Callistemon21 Fri 15-Sept-23 21:50:16

Everyone?

Anyone?

DaisyAnneReturns Fri 15-Sept-23 21:19:03

It really isn't my decision to make Callistemon. I gave you a whole article of information and a podcast, that could be discussed.

That didn't create debate but did cause a pile-on, criticising someone for the structure of their sentence rather than debating it's content.

If you want to debate then I suggest you do so. Attacking first varian and then me, won't achieve that. It can be achieved unless, as it appears, some would rather attack people than debate the arguements put forward by people whose views they don't like.

The floor is yours Callistemon.

Callistemon21 Fri 15-Sept-23 20:40:58

You wanted to continue the debate, DAR.
There is no reason not to, is there?

🙂

Or do you want to continue berating other posters?

DaisyAnneReturns Fri 15-Sept-23 20:34:36

You mean take a leaf out of your book Callistemon?

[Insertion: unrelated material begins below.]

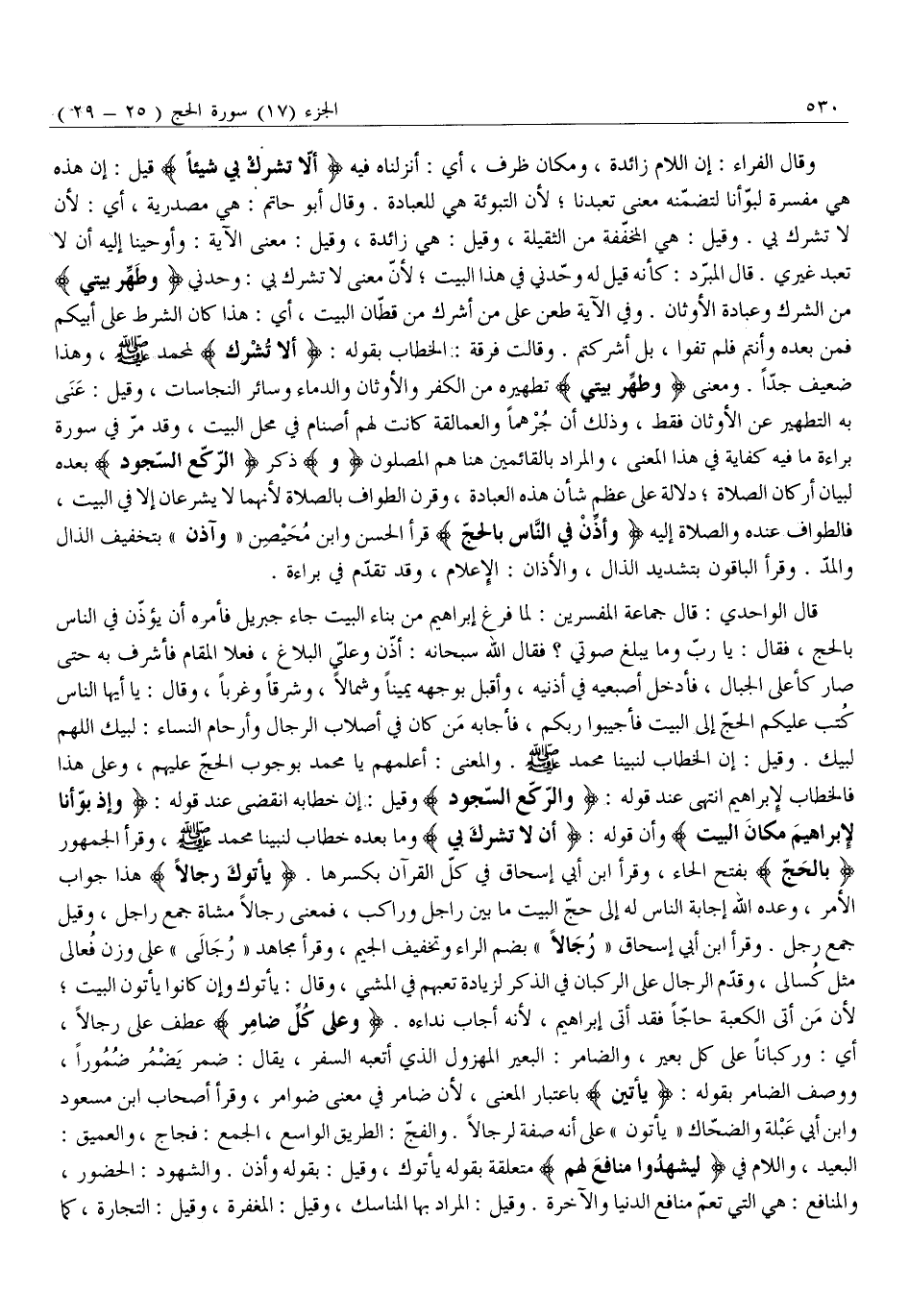 وَقَالَ الْفَرَّاءُ: إِنَّ اللَّامَ زَائِدَةٌ، وَمَكَانَ ظَرْفٌ، أَيْ: أَنْزَلْنَاهُ فِيهِ أَنْ لَا تُشْرِكْ بِي شَيْئاً قِيلَ: إِنَّ هَذِهِ هِيَ مُفَسِّرَةٌ لَبَوَّأْنَا لِتَضَمُّنِهِ مَعْنَى تَعَبَّدْنَا لِأَنَّ التَّبْوِئَةَ هِيَ لِلْعِبَادَةِ. وَقَالَ أَبُو حَاتِمٍ: هِيَ مَصْدَرِيَّةٌ، أَيْ: لِأَنْ لَا تُشْرِكَ بِي. وَقِيلَ: هِيَ الْمُخَفَّفَةُ مِنَ الثَّقِيلَةِ، وَقِيلَ: هِيَ زَائِدَةٌ، وَقِيلَ: مَعْنَى الْآيَةِ: وَأَوْحَيْنَا إِلَيْهِ أَنْ لَا تَعْبُدْ غَيْرِي. قَالَ الْمُبَرِّدُ: كَأَنَّهُ قِيلَ لَهُ وَحِّدْنِي فِي هَذَا الْبَيْتِ لِأَنَّ مَعْنَى لَا تُشْرِكْ بِي: وَحِّدْنِي وَطَهِّرْ بَيْتِيَ مِنَ الشِّرْكِ وَعِبَادَةِ الْأَوْثَانِ. وَفِي الآية طعن على من أَشْرَكَ مِنْ قُطَّانِ الْبَيْتِ، أَيْ: هَذَا كَانَ الشَّرْطَ عَلَى أَبِيكُمْ فَمَنْ بَعْدَهُ وَأَنْتُمْ فَلَمْ تَفُوا، بَلْ أَشْرَكْتُمْ. وَقَالَتْ فِرْقَةٌ: الْخِطَابُ بِقَوْلِهِ: أَنْ لَا تُشْرِكْ لِمُحَمَّدٍ صَلَّى اللَّهُ عَلَيْهِ وَسَلَّمَ، وَهَذَا ضَعِيفٌ جِدًّا. وَمَعْنَى وَطَهِّرْ بَيْتِيَ تَطْهِيرُهُ مِنَ الْكُفْرِ وَالْأَوْثَانِ وَالدِّمَاءِ وَسَائِرِ النَّجَاسَاتِ، وَقِيلَ: عَنَى بِهِ التَّطْهِيرَ عَنِ الْأَوْثَانِ فَقَطْ، وَذَلِكَ أَنَّ جُرْهُمًا وَالْعَمَالِقَةَ كَانَتْ لَهُمْ أَصْنَامٌ فِي مَحَلِّ الْبَيْتِ، وَقَدْ مَرَّ فِي سُورَةِ بَرَاءَةٍ مَا فِيهِ كِفَايَةٌ فِي هَذَا الْمَعْنَى، والمراد بالقائمين هنا هم المصلون وَذكر الرُّكَّعِ السُّجُودِ بَعْدَهُ لِبَيَانِ أَرْكَانِ الصَّلَاةِ دَلَالَةً عَلَى عِظَمِ شَأْنِ هَذِهِ الْعِبَادَةِ، وَقَرَنَ الطَّوَافَ بِالصَّلَاةِ لِأَنَّهُمَا لَا يُشْرَعَانِ إِلَّا فِي الْبَيْتِ، فَالطَّوَافُ عِنْدَهُ وَالصَّلَاةُ إِلَيْهِ وَأَذِّنْ فِي النَّاسِ بِالْحَجِّ قَرَأَ الْحَسَنُ وَابْنُ مُحَيْصِنٍ «وَآذِنْ» بِتَخْفِيفِ الذَّالِ وَالْمَدِّ. وَقَرَأَ الْبَاقُونَ بِتَشْدِيدِ الذَّالِ، وَالْأَذَانُ: الْإِعْلَامُ، وَقَدْ تَقَدَّمَ فِي بَرَاءَةٍ.

Callistemon21 Fri 15-Sept-23 20:28:50

Oh, do continue 🙂

DaisyAnneReturns Fri 15-Sept-23 20:19:19

You are not the only one, Dinahmo. Sadly, there is no debate.

Perhaps another time, another day.

Callistemon21 Fri 15-Sept-23 20:18:49

I did too 😁, thanks varian

But I can see that it might need clarifying.

Dinahmo Fri 15-Sept-23 20:11:17

The whole debate is getting silly. I cannot be the only one who understood what Varian was saying.

DaisyAnneReturns Fri 15-Sept-23 19:05:59

GrannyGravy13

I am neither left wing or right wing, I consider myself to be a centrist who is currently politically homeless.

Nobody will agree with any one poster on everything on N & P threads.

But they don't have to pile on about how a sentence was written GrannyGravy, just because the have no answer to that person's view of the facts.

DaisyAnneReturns Fri 15-Sept-23 19:00:00

Oreo

varian

Oreo

Dinahmo

Germanshepherdsmum

It seems she thought that if you earn above £50,284 you pay 2% NIC on your total income.

Strnge. Varian's post was quite clear to me.

No it wasn’t clear at all, it simply read that those earning over
£50,284 were only paying 2%.
That’s how it reads to most people.

It is a common assumption made by rightwingers that they speak for "most people" with no evidence whatsoever of that being true!

Since I’m a left winger that makes a nonsense of your claim.
Your comment about taxation wasn’t clear at all, take the shame girl😂

I am not a "girl", and the pile on, to which you appear to be trying to add, was not about me making an unclear claim about taxation, but about varian's clear comment which was jumped on.

It has long been seen as a reasonable politeness that people don't criticise how people write but they certainly have on this thread.

What no one has done is post why the NI system should be so regressive or why the more wealth should have greater privilege in the tax system.

It appears that no one had a reply to varian's point of discussion so they, and you it seems, just piled on to tear her sentence structure apart.

Just as many understood the sentence as those who decided who misread it and then blamed the writer for their lack of comprehension.

I have reported the whole thread to GN and asked them to read through it all.